SGRR/J&LGRR rescued two of her dogs and have placed them in loving safe homes. One is a blind dog in a loving foster home far away from this witch, and the other is a wonderful dog who has already been rehomed! 
*http://blog.al.com/spotnews/2010/03/tears_founder_arrested_and_cha.html*

*TEARS founder arrested and charged with animal cruelty*

*By Carol Robinson -- The Birmingham News *

*March 11, 2010, 11:43AM*








Terra Cotromano, shown in a 2005 photo, has been charged with animal cruelty. (The Birmingham News / Jeff Roberts)The founder of TEARS was arrested this morning on multiple counts of animal cruelty, authorities said.
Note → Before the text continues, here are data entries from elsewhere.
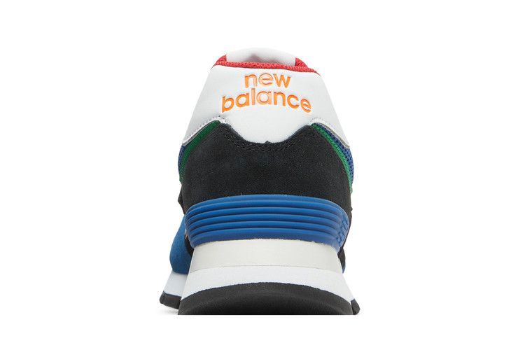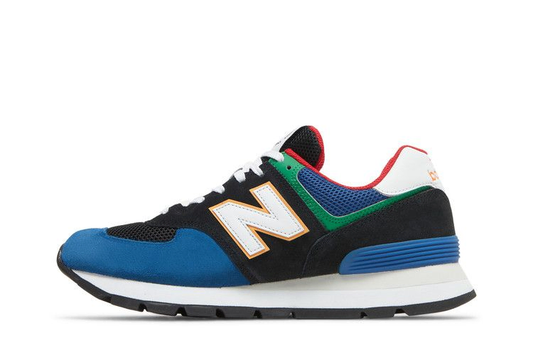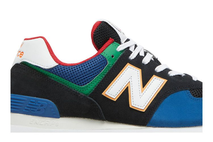 Верхняя часть New Balance 574 Rugged "Black Captain Blue" выполнена из открытой сетки и мягкой замши в контрастных черно-синих тонах с разнонаправленными красными и зелеными акцентами. Фирменный логотип "N" выполнен из белой кожи и очерчен бледно-оранжевым оттенком. Сверху на разноцветной подошве расположена белая межподошва ENCAP, сочетающая в себе мягкую основу из EVA и жесткий полиуретановый бортик. Обновленная подошва из резины имеет рельефную поверхность для лучшего сцепления с поверхностью.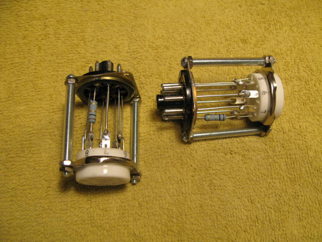The bias for the output tubes had to be adjusted next. The original Hiwatts don't have built-in bias test points and neither does mine. So I rigged up a couple of "bias probes" using the 8-pin plugs from a couple of old relays, a couple of 8-pin tube sockets and a couple of 1-ohm resistors. These aren't as fancy as the commercially available probes, but they let me measure the cathode current and the anode voltage easily from outside the chassis.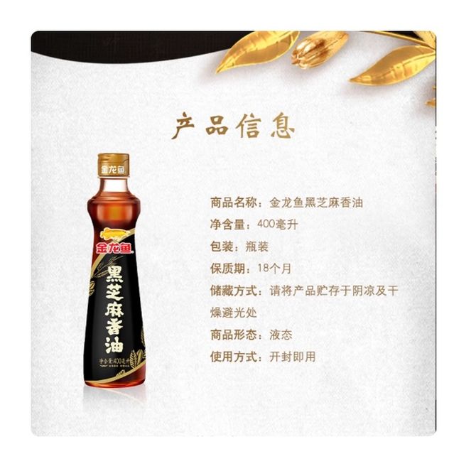 金龙鱼 调料油黑芝麻香油400ml厨房凉拌房烹饪火锅纯芝麻香油 黑芝麻香油400ml 兑换价格 2200 里程 会员卡别 终身白金卡 白金卡 金卡 银卡 普通卡 儿童卡 服务 由 烁烁食品店 发货并提供售后 油品规格: 400ml 购买数量: 件 库存件 配送地址: 立即购买 加入购物车 成功添加到购物车 关闭 购物车共有 种商品 总金额为: 组合销售 产品介绍 产品规格 售后服务 产品咨询 发现好货 珍佰粮菜籽油5L 5500 里程 长寿花 金胚玉米油食用油非转基因压榨一级 1.8L 2200 里程 福临门 一级大豆油900ML/瓶 优质家用食用油 1100 里程 福临门 家香味食用油 沂蒙土榨 花生仁油900ml 1300 里程 长寿花金胚玉米油1.8L 2400 里程

Terra Cotromano, 61, was being taken to the Jefferson County Jail, said Jefferson County Chief Deputy Randy Christian. 

Cotromano founder of The Emergency Animal Rescue Service, is charged with 20 counts of cruelty to a dog or cat. Her bond is set at $1,000 for each charge. 

She was arrested at the TEARS animal rescue site in Mulga. 

Sheriff's officials in January seized 22 dogs and six cats after a month-long animal cruelty investigation. 

Prior to the seizure of the animals, members of the TEARS board of directors fired Cotromano as executive director and filed a civil suit alleging she mistreated animals and mishandled funds. 

Cotromano has previously denied the allegations and said the board members were replaced through a membership vote. 

Her attorney, Lawden Yates, said today's arrest came as a surprise. 

"Obviously Ms. Cotromano is innocent of all these charges. We certainly know she's not done anything wrong, and anybody can make any sort of wild allegations," Yates said. "We look forward to being in court and the opportunity to be heard."
*[Cotromano denies charges in December.]*


----------



## BeauShel (May 20, 2007)

Shame on her and I hope she gets everything coming to her.


----------